果糖は、その名称から果物の糖質だと思われがちですが、必ずしもそうとは言い切れません。果物にはもちろん果糖も含まれていますが、ブドウ糖などの他の糖質も含まれているからです。食べ物として体内に入った果糖は、小腸で吸収され、血液の流れを介してほとんどが肝臓に運ばれ、エネルギー源となります。余分な果糖は肝臓で中性脂肪に変換され蓄積されるので、果糖の摂り過ぎは脂質異常症の原因となります。

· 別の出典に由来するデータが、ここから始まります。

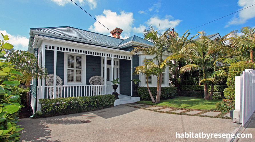 A shared background in design was definitely an advantage when Glenn Peters and Penny Hornsby took on the task of renovating a sleeping masterpiece in central Auckland. They’d already fine-tuned their skills at an Art Deco apartment and a previous house nearby, and they were looking forward to starting a fresh project – with a whole new palette of Resene colour, including Resene Double Balderdash for the exterior (above). The trims are in Resene Alabaster. And on the inside, they chose a wide-ranging palette of soft blues, greens and greys that work together for peace and harmony.

近年、アメリカをはじめ、肥満が深刻化する国々で問題となっているのが、コーンシロップを原料につくられた果糖を含む「果糖ブドウ糖液糖」という甘味料の大量摂取です。果糖は砂糖より甘味が強く、口に残りにくいという特徴があり、その甘味は低温でより強くなるので、清涼飲料水などによく使われています。アメリカでは、果糖の摂取量が特に多い思春期の男性では、総摂取カロリーの15~23%が果糖由来であるといわれています。

果糖はブドウ糖よりも体重を増加させる

アメリカ・イリノイ大学の研究チームは、果糖そのものが肥満の原因になるのかを突き止めるため、糖質だけが異なる2種類のエサを用意し、マウスを使った検証実験を行いました。片方のグループには、カロリーの18%が果糖由来のエサを、もう片方のグループには、カロリーの18%がブドウ糖由来のエサを与え、総摂取カロリーは両グループで同じになるように調整しました。なお、この「18%」という数値は、思春期のアメリカ人の果糖摂取状態を模倣するために設定されたものです。

11週間という長期にわたり、それぞれのグループのマウスに同じエサを与え続けたところ、果糖を含むエサを食べたグループでは、ブドウ糖を含むエサを食べたグループと比べて体重や体脂肪が増加するという結果が得られました。

果糖の大量摂取は避けたほうがよい

この研究ではマウスの身体活動量も調べられており、果糖を含むエサを食べたグループでは、体重が増えただけでなく、身体活動量も低下していました。この結果について研究者は、「果糖を含むエサが身体活動量の低下につながるメカニズムはわかりませんが、体重が増えたことが身体活動量低下の主な要因だと考えられます」と述べています。

今回紹介したのはマウスでの研究結果ですが、果糖を大量に摂取するという食事パターンは肥満を招き、健康を害すおそれがあることから、避けたほうがよいと考えられます。